Content starts

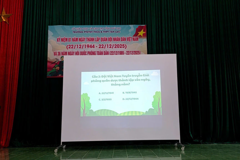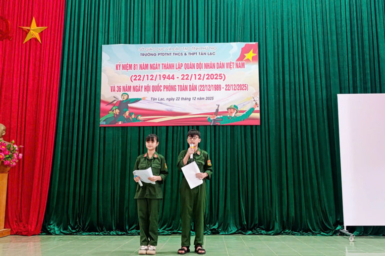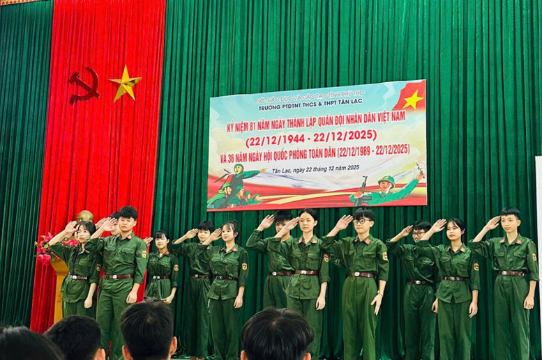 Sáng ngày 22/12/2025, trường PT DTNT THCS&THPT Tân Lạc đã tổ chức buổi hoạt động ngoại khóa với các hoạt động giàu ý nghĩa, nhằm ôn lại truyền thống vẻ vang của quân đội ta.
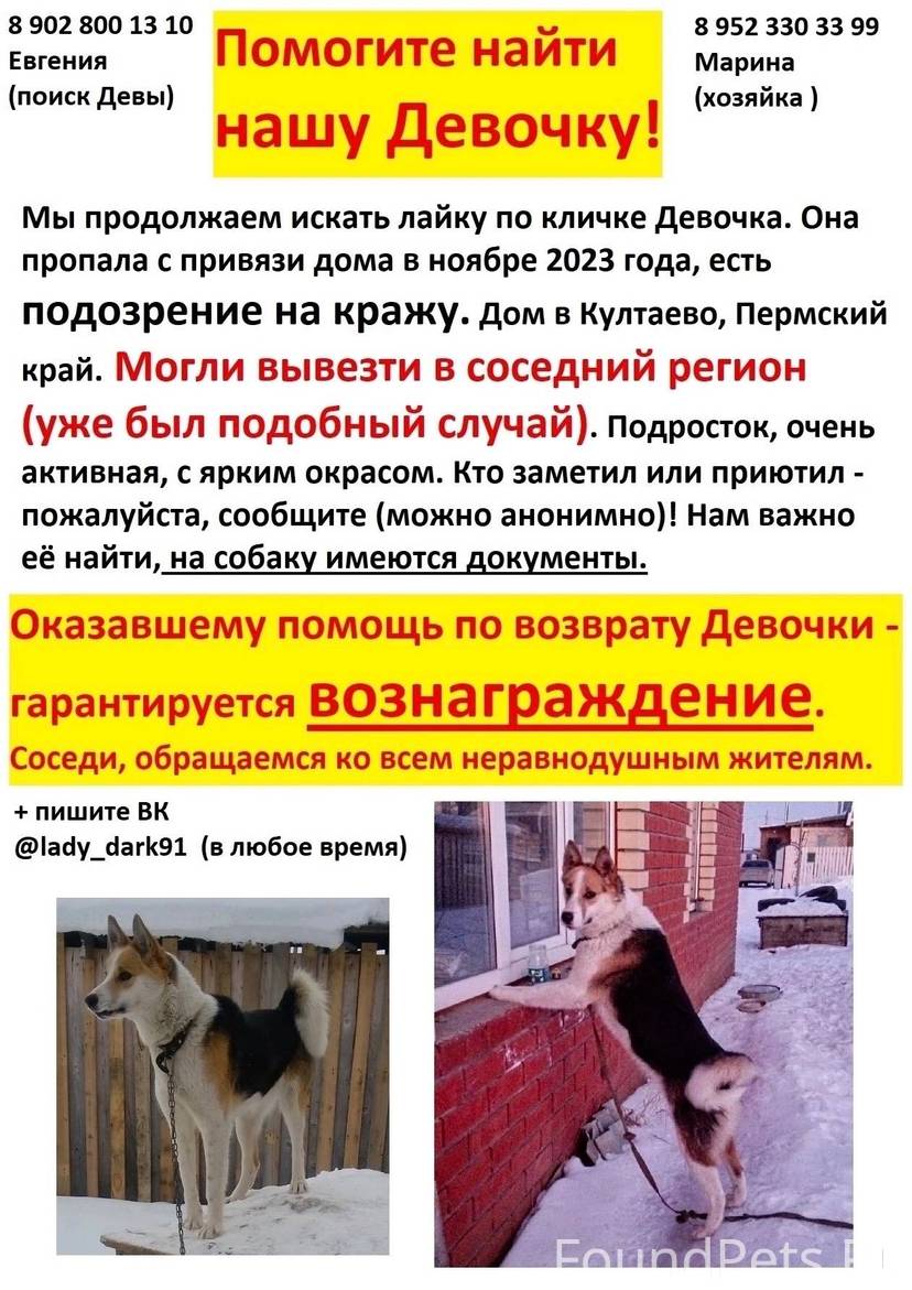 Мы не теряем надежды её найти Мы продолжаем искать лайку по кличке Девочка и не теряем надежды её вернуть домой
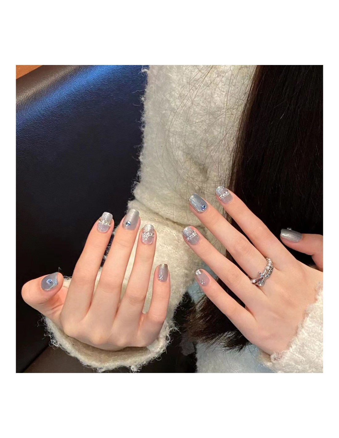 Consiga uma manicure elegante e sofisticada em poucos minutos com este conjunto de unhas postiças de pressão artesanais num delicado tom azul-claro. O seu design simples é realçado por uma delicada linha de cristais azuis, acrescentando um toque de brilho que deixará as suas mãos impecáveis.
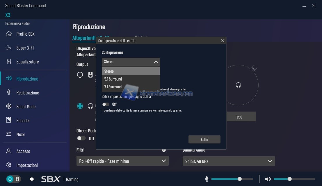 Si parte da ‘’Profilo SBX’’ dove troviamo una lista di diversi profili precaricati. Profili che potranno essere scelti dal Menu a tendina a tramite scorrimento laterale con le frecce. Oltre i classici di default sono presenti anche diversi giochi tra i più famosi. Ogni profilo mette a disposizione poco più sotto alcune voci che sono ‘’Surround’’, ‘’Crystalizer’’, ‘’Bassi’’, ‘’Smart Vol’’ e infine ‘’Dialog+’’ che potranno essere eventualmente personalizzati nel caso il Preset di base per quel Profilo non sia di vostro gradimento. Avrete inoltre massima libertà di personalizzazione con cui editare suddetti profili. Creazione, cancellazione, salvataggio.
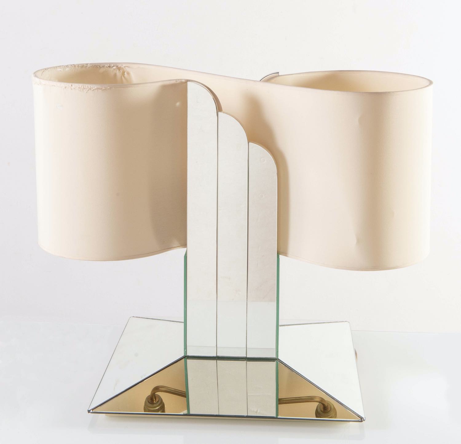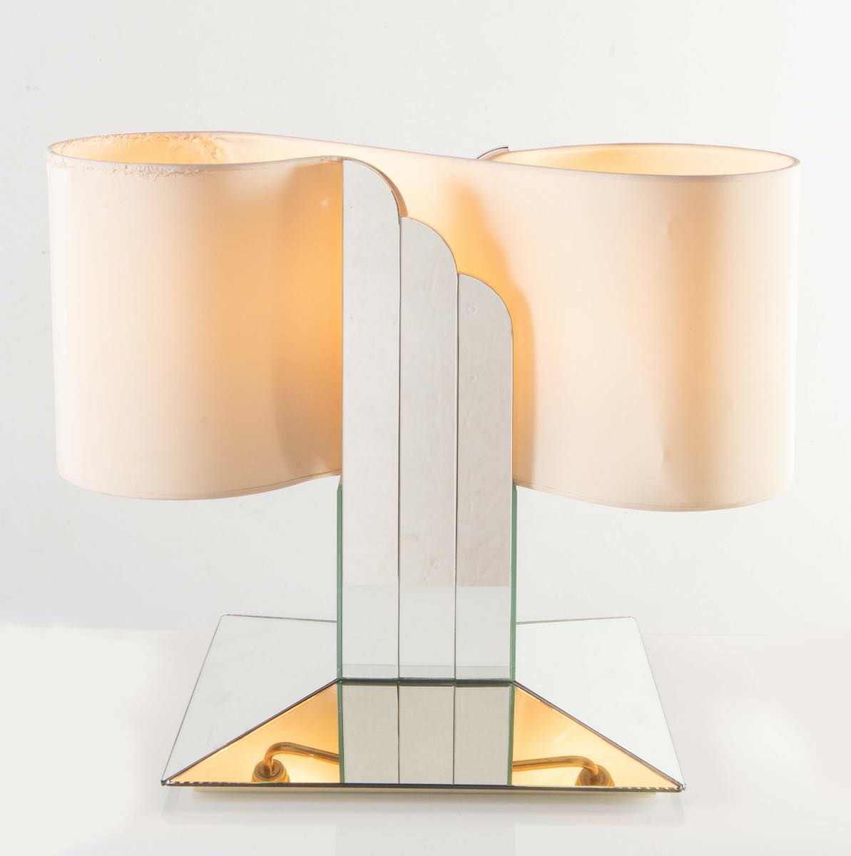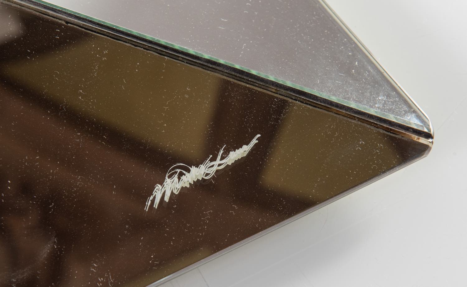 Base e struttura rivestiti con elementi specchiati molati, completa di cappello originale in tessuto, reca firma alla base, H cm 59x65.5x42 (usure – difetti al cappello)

Content ends

All lines above are to be restated word for word, with pictures excluded.

*RESPONSE*
 Sáng ngày 22/12/2025, trường PT DTNT THCS&THPT Tân Lạc đã tổ chức buổi hoạt động ngoại khóa với các hoạt động giàu ý nghĩa, nhằm ôn lại truyền thống vẻ vang của quân đội ta.
 Мы не теряем надежды её найти Мы продолжаем искать лайку по кличке Девочка и не теряем надежды её вернуть домой
 Consiga uma manicure elegante e sofisticada em poucos minutos com este conjunto de unhas postiças de pressão artesanais num delicado tom azul-claro. O seu design simples é realçado por uma delicada linha de cristais azuis, acrescentando um toque de brilho que deixará as suas mãos impecáveis.
 Si parte da ‘’Profilo SBX’’ dove troviamo una lista di diversi profili precaricati. Profili che potranno essere scelti dal Menu a tendina a tramite scorrimento laterale con le frecce. Oltre i classici di default sono presenti anche diversi giochi tra i più famosi. Ogni profilo mette a disposizione poco più sotto alcune voci che sono ‘’Surround’’, ‘’Crystalizer’’, ‘’Bassi’’, ‘’Smart Vol’’ e infine ‘’Dialog+’’ che potranno essere eventualmente personalizzati nel caso il Preset di base per quel Profilo non sia di vostro gradimento. Avrete inoltre massima libertà di personalizzazione con cui editare suddetti profili. Creazione, cancellazione, salvataggio.
 Base e struttura rivestiti con elementi specchiati molati, completa di cappello originale in tessuto, reca firma alla base, H cm 59x65.5x42 (usure – difetti al cappello)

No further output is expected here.